Im as anti-"AI" as the next person, but I think its important to keep in mind the larger strategic picture of "AI" w.r.t. #search when it comes to #DuckDuckGo - both have the problem of inaccurate information, mining the commons, etc. But Google's use of LLMs in search is specifically a bid to cut the rest of the internet out of information retrieval and treat it merely as a source of training data - replacing traditional search with #LLM search. That includes a whole ecosystem of surveillance and enclosure of information systems including assistants, chrome, android, google drive/docs/et al, and other vectors.
DuckDuckGo simply doesnt have the same market position to do that, and their system is set up as just an allegedly privacy preserving proxy. So while I think more new search engines are good and healthy, and LLM search is bad and doesnt work, I think we should keep the bigger picture in mind to avoid being reactionary, and I dont think the mere presence of LLM search is a good reason to stop using it.

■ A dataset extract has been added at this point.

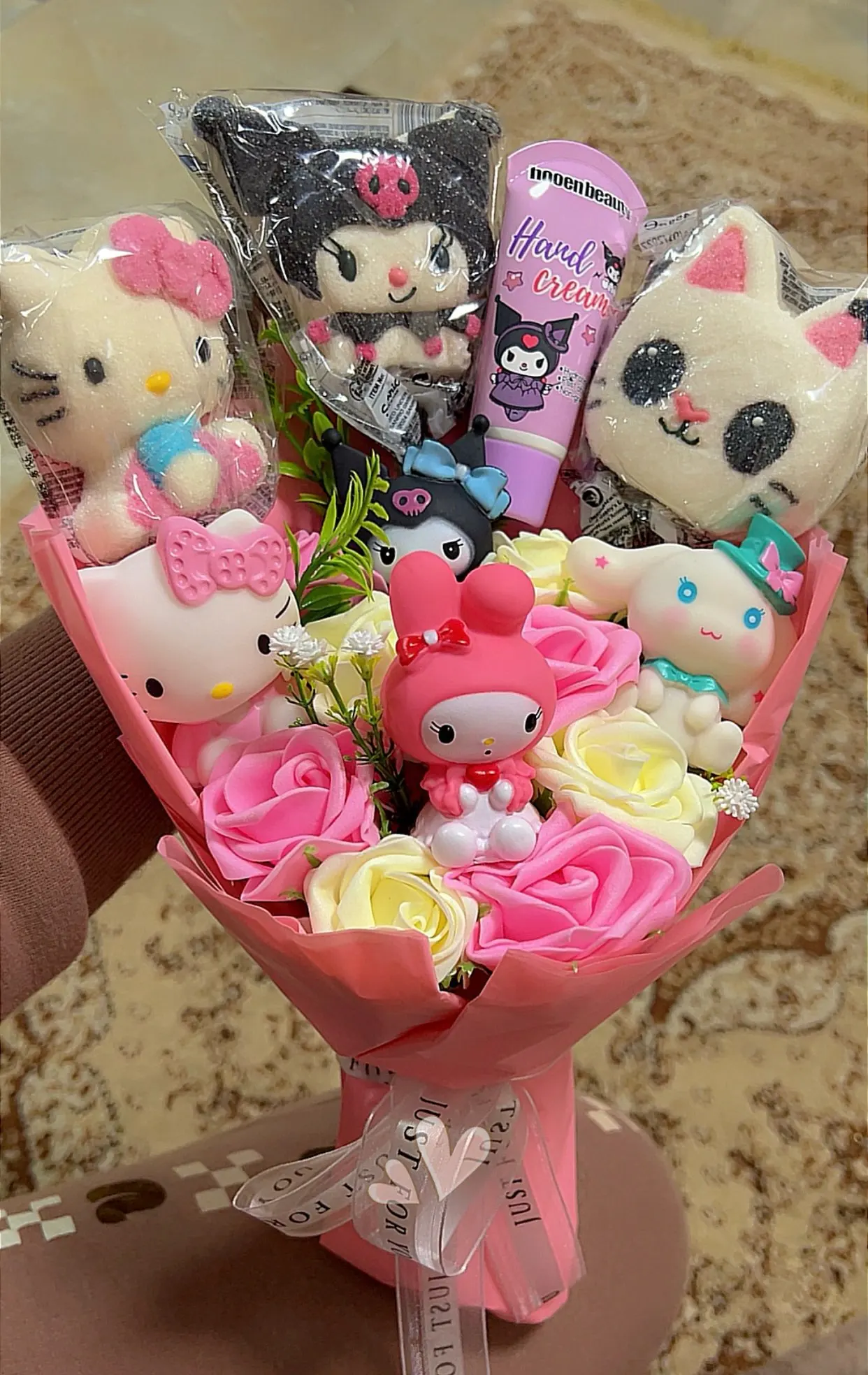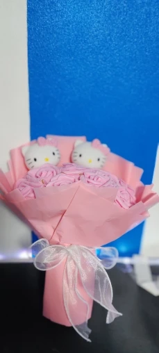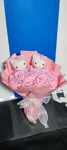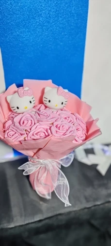 Add a cozy and charming touch to any occasion with this adorable bouquet featuring a high-quality Kuromi figurine surrounded by beautifully knitted decorative flowers. A lasting and thoughtful gift, perfect for birthdays, special celebrations, or simply to bring a smile to someone special!

Seeing people praise #copilot for finally getting rid of hallucinations through simple RAG techniques of checking for reality in eg. citations. This moment where a lot of the trivial claims against #LLMs stopped being true, but the deeper harms of surveillance and information monopoly remained was inevitable and the chief danger of dismissing it as "fancy autocomplete." That is why I wrote this almost a year ago, as a warning of what comes next and what we can do about it: https://jon-e.net/surveillance-graphs/ #SurveillanceGraphs
Molly White is right as usual: "We’ve already tried out having a tech industry led by a bunch of techno-utopianists and those who think they can reduce everything to markets and equations. Let’s try something new, and not just give new names to the old."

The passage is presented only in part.